New York Times Opinion: Trump’s Slams At Election Results Could Lead To Nazi-Like Era

On Monday, The New York Times published an opinion piece that likened President Trump’s criticism of the election results and the consequent reaction by his supporters to the prelude to the rise of Nazi leader Adolf Hitler.

Jochen Bitner, co-head of the debate section for the weekly newspaper Die Zeit, writes, “the campaign should be seen as what it is: an attempt to elevate ‘They stole it’ to the level of legend, perhaps seeding for the future social polarization and division on a scale America has never seen.”

Bitner begins his column by asserting:

It may well be that Germans have a special inclination to panic at specters from the past, and I admit that this alarmism annoys me at times. Yet watching President Trump’s “Stop the Steal” campaign since Election Day, I can’t help but see a parallel to one of the most dreadful episodes from Germany’s history.

From there, Bitner delineates how after World War I, many Germans believed Germany had not truly lost the war, but instead bought into the “Dolchstosslegende, or stab-in-the-back myth.”

“Its core claim was that Imperial Germany never lost World War I,” he explains. “Defeat, its proponents said, was declared but not warranted. It was a conspiracy, a con, a capitulation — a grave betrayal that forever stained the nation. That the claim was palpably false didn’t matter. Among a sizable number of Germans, it stirred resentment, humiliation and anger. And the one figure who knew best how to exploit their frustration was Adolf Hitler.”

“Don’t get me wrong: This is not about comparing Mr. Trump to Hitler, which would be absurd,” Bitner underscores. “But the Dolchstosslegende provides a warning.”

Bitner continues, “Newspapers and postcards depicted German soldiers being stabbed in the back by either evil figures carrying the red flag of socialism or grossly caricatured Jews.” The myth was “at the heart of Nazi propaganda, and instrumental in justifying violence against opponents,” writes Bitner.

Bitner then segues to the comparison between Nazi Germany and the United States today, placing the blame for what might eventuate squarely on Trump supporters:

Germany’s first democracy fell. Without a basic consensus built on a shared reality, society split into groups of ardent, uncompromising partisans. And in an atmosphere of mistrust and paranoia, the notion that dissenters were threats to the nation steadily took hold.
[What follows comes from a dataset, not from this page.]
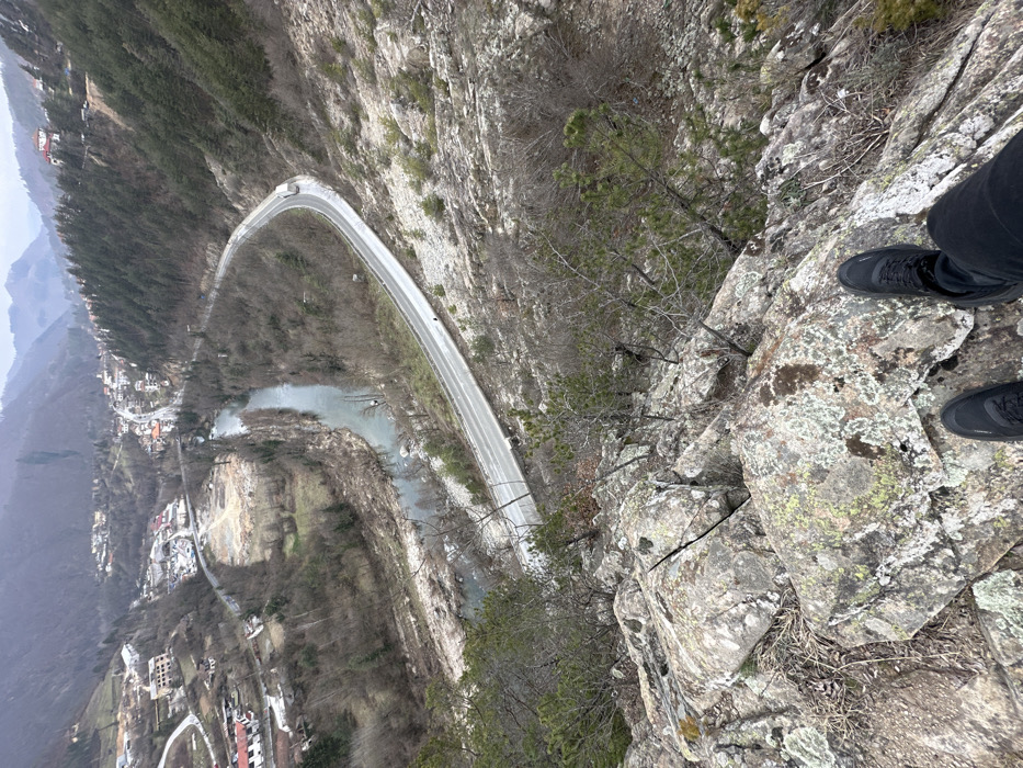 An elevated forensic view captures a mountainous valley encompassing a segment of Srednogortsi, Bulgaria, under an overcast sky. In the immediate foreground, a person's black athletic shoes and lower pant legs are visible, positioned on a lichen-covered rock outcrop at the edge of a cliff. Sparse, small evergreen trees and dry vegetation grow from the rocky terrain directly below the vantage point. Below, a winding two-lane asphalt road, appearing wet or reflective, traverses the valley floor, paralleling a grey-blue river. A white semi-truck is observed driving on the road, heading away from the observer. The river exhibits exposed rocky banks and makes a significant bend to the left, where an open, cleared area with disturbed ground is visible. Along the river and extending up the steep, wooded mountain slopes, residential and commercial buildings indicative of the city of Srednogortsi are clustered, predominantly on the left side of the valley. The surrounding mountains are densely forested with predominantly bare deciduous trees, interspersed with evergreens. The distant mountain ranges recede into a grey, hazy background. No specific interactions are observed.

Alarmingly, that seems to be exactly what is happening in the United States today. According to the Pew Research Center, 89 percent of Trump supporters believe that a Joe Biden presidency would do “lasting harm to the U.S.,” while 90 percent of Biden supporters think the reverse.

Bitner expressed alarm that Trump supporters are turning away from Twitter, which he describes as “largely unmoderated,” stating “[f]ilter bubbles are turning into filter networks.”

After noting that “a staggering 88 percent of Trump voters believe that the election result is illegitimate,” Bitner concludes with a dire warning: “It took another war and decades of reappraisal for the Dolchstosslegende to be exposed as a disastrous, fatal fallacy. If it has any worth today, it is in the lessons it can teach other nations. First among them: Beware the beginnings.”